By pino scaccia | settembre 13, 2008

“Ogni osservazione ha bisogno di liberarsi dai codici familiari che porta con sé, ha bisogno di andare alla deriva in mezzo a tutto ciò che non capisce, per poter arrivare ad una foce, dove dovrà sentirsi smarrita. Come una tendenza naturale che ci assorbe, ogni osservazione intensa del mondo esterno forse ci porta più vicini alla nostra morte; ossia, ci porta ad essere meno separati da noi stessi”. (Gianni Celati, Verso la foce)

Quattordici anni dopo, ancora non si sa niente sulla fine dolorosa di Ilaria Alpi. L’ultimo atto del calvario è addirittura avvilente: si scopre che l’auto mandata dalla Somalia non è quella dov’è stata uccisa la giornalista con il povero Miran. Pensare che la commissione d’inchiesta aveva fatto su quell’auto un sacco di congetture (evidentemente tutte sbagliate), inventandosi una soluzione. E per fortuna un magistrato intelligente ha deciso di non archiviare il caso.

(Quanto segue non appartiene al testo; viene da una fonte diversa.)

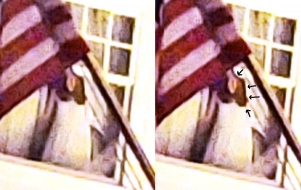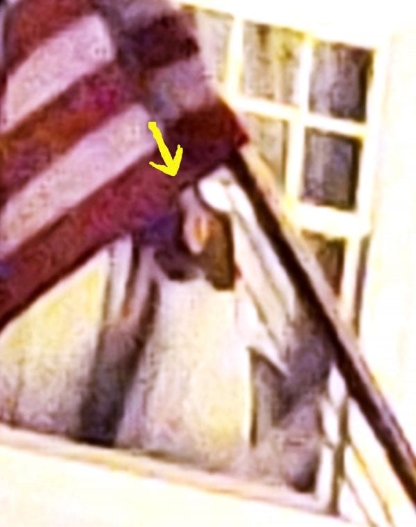 Флаг, который частично блокирует обзор всего окна (флаг №3), вызывает ещё две проблемы. Первая проблема касается двух верёвок (используемых для подъёма и опускания флага), проходящих вдоль флагштока. Левая линия просто исчезает у головы фигуры. Линия обрезана по внешнему краю волос фигуры. Даже когда изображение осветлено, на линию нет и намёка. Из-за того, что оконная рама и верёвка были перекрыты, я начал подозревать, что «голова» фигуры была частью флага. Именно тогда я заметил вторую проблему.

Un commando di uomini armati ha rapito e ucciso in Iraq quattro collaboratori di ‘Sharqia Tv’, nella citta’ di Mosul. Le vittime – un giornalista, due cameramen e un autista – sono state rapite mentre registravano un popolare programma televisivo ‘Futurqum Alena’. I loro corpi, crivellati dai proiettili, sono stati ritrovati nella zona di Al Zangili. Lo hanno riferito fonti di polizia locale e l’emittente televisione. “Lo staff del canale, con i cuori addolorati per la grave perdita”, si legge in un comunicato della tv irachena, “conferma la volonta’ di andare avanti con il lavoro indipendente”. I reporter iracheni sono da cinque anni sotto gli attacchi di Al Qaeda, dei ribelli sunniti e dei miliziani sciiti. Secondo l’Iraqi Journalism Freedom Observatory, più di 260 persone legate al mondo dell’informazione sono morte dal 2003 a oggi.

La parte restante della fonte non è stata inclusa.